##### DATA #####
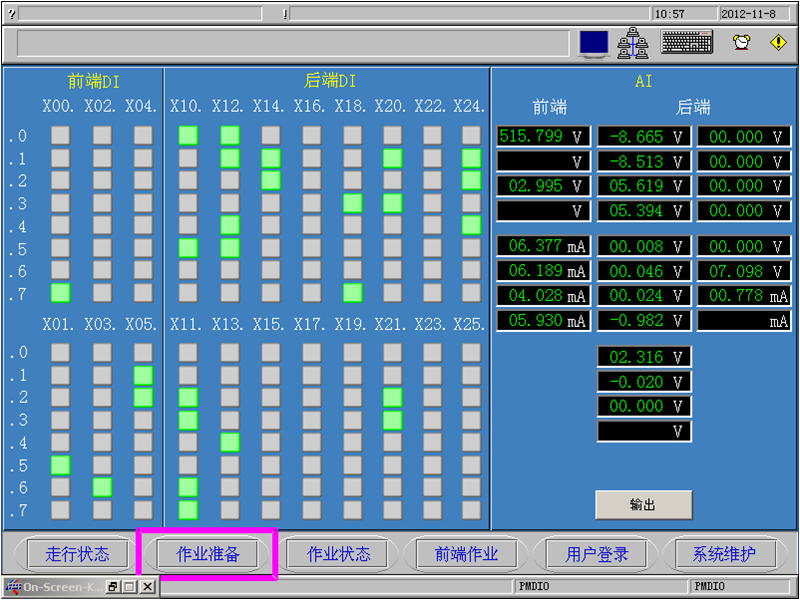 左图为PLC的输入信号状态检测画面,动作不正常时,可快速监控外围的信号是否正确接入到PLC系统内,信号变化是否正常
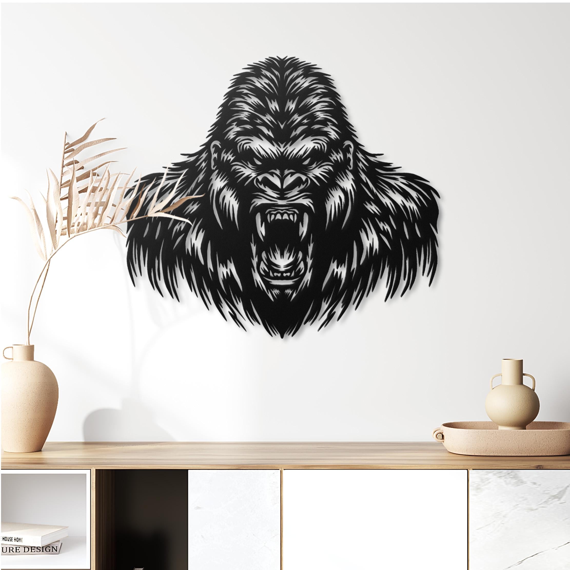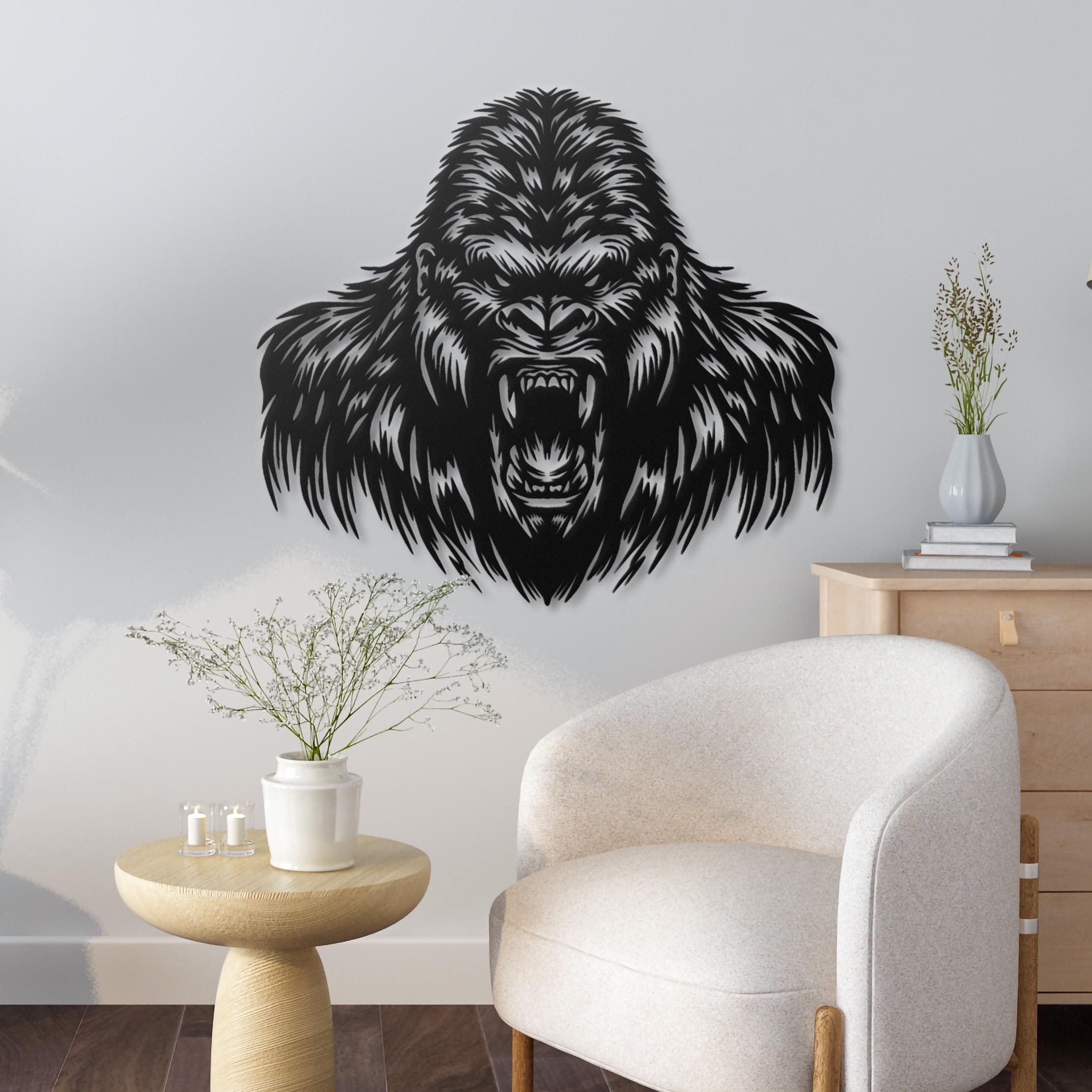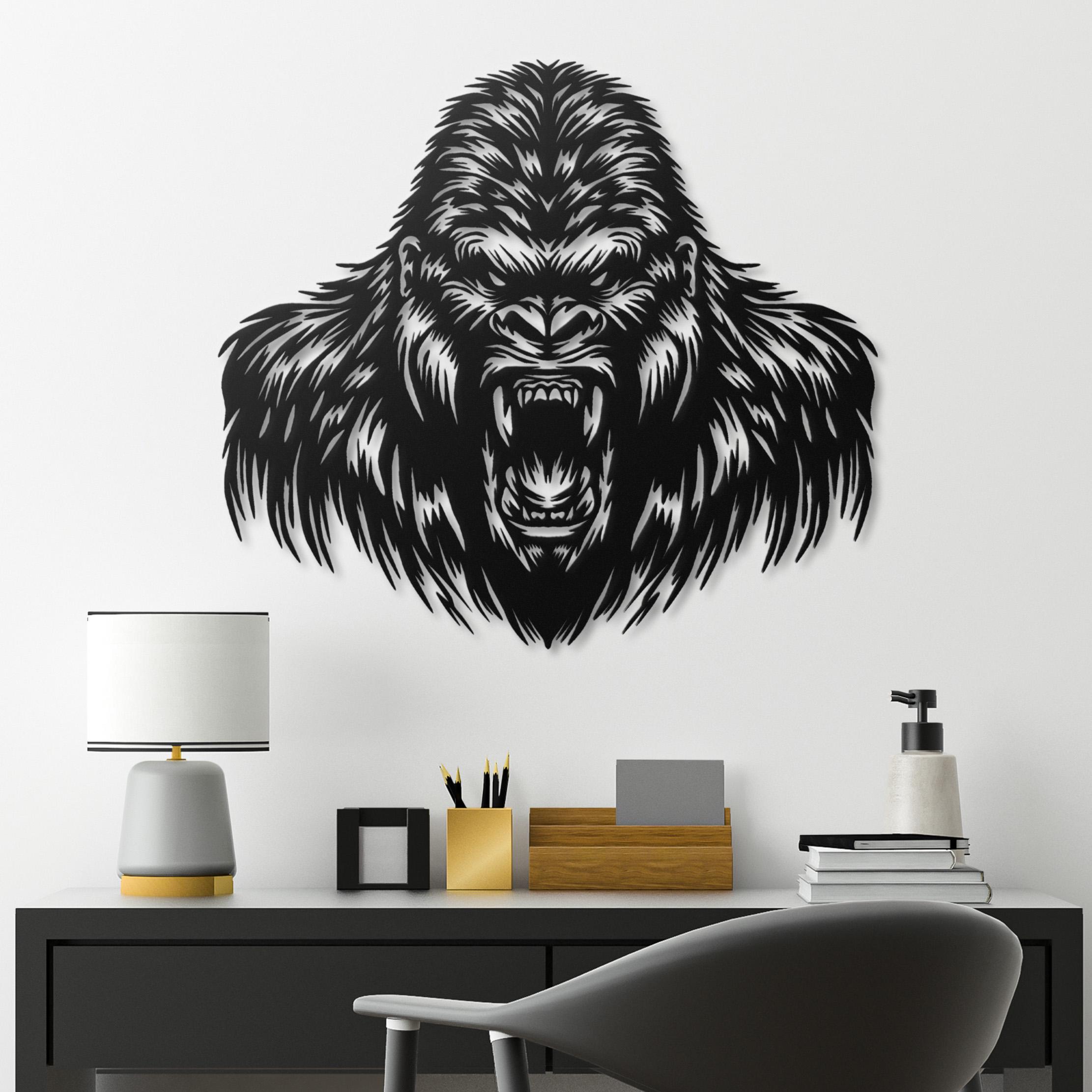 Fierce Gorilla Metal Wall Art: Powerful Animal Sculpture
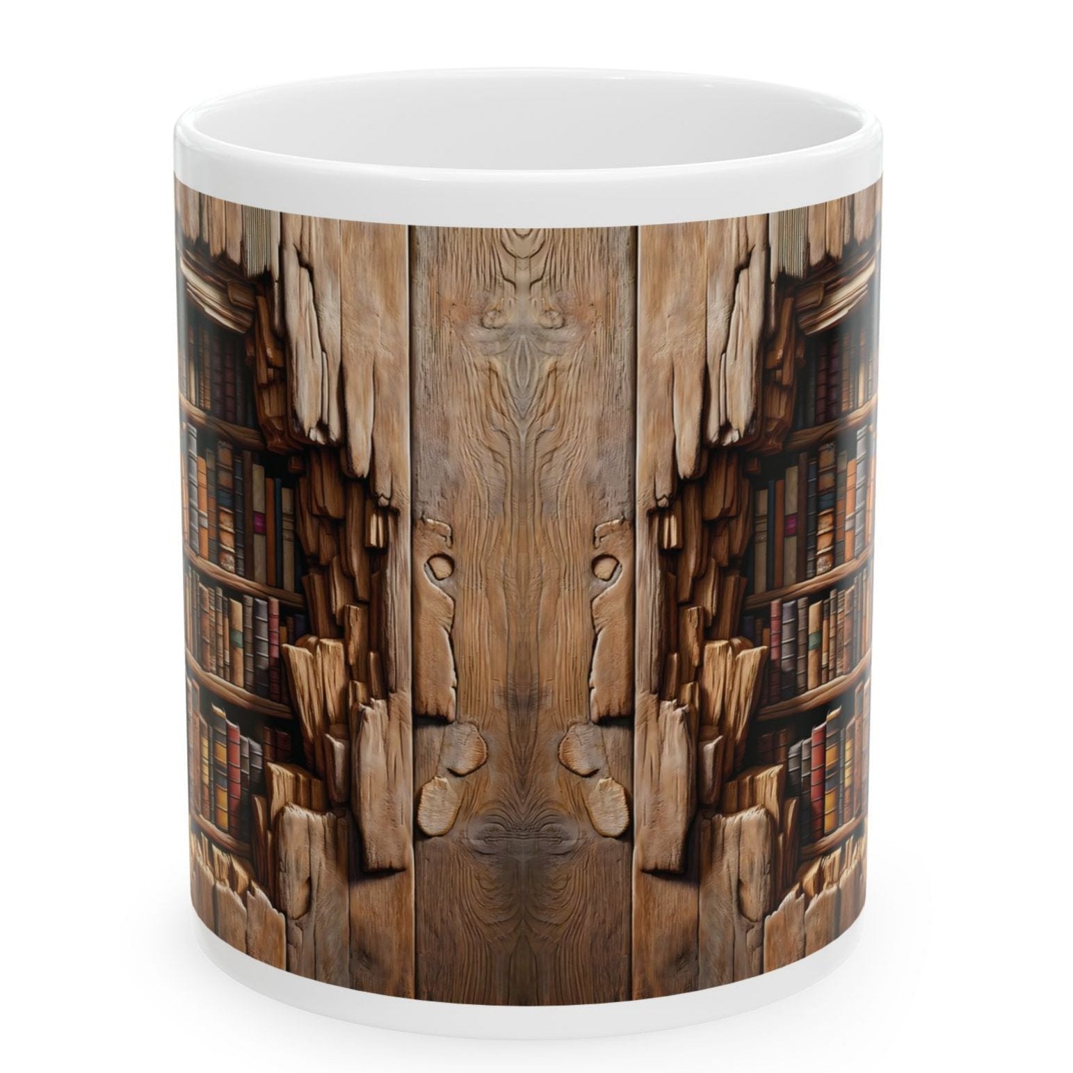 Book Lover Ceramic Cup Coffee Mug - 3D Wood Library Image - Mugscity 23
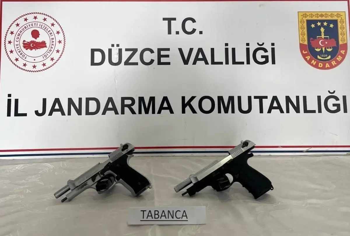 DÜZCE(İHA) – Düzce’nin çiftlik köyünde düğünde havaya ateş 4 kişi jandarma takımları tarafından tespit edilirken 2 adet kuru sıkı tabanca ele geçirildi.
#####
### TRY IT
In the data above, find the line with "Book Lover Ceramic" and repeat it and every line after it through the end, exactly; leave the pictures out.

### SOLUTION TO THIS PROBLEM
 Book Lover Ceramic Cup Coffee Mug - 3D Wood Library Image - Mugscity 23
 DÜZCE(İHA) – Düzce’nin çiftlik köyünde düğünde havaya ateş 4 kişi jandarma takımları tarafından tespit edilirken 2 adet kuru sıkı tabanca ele geçirildi.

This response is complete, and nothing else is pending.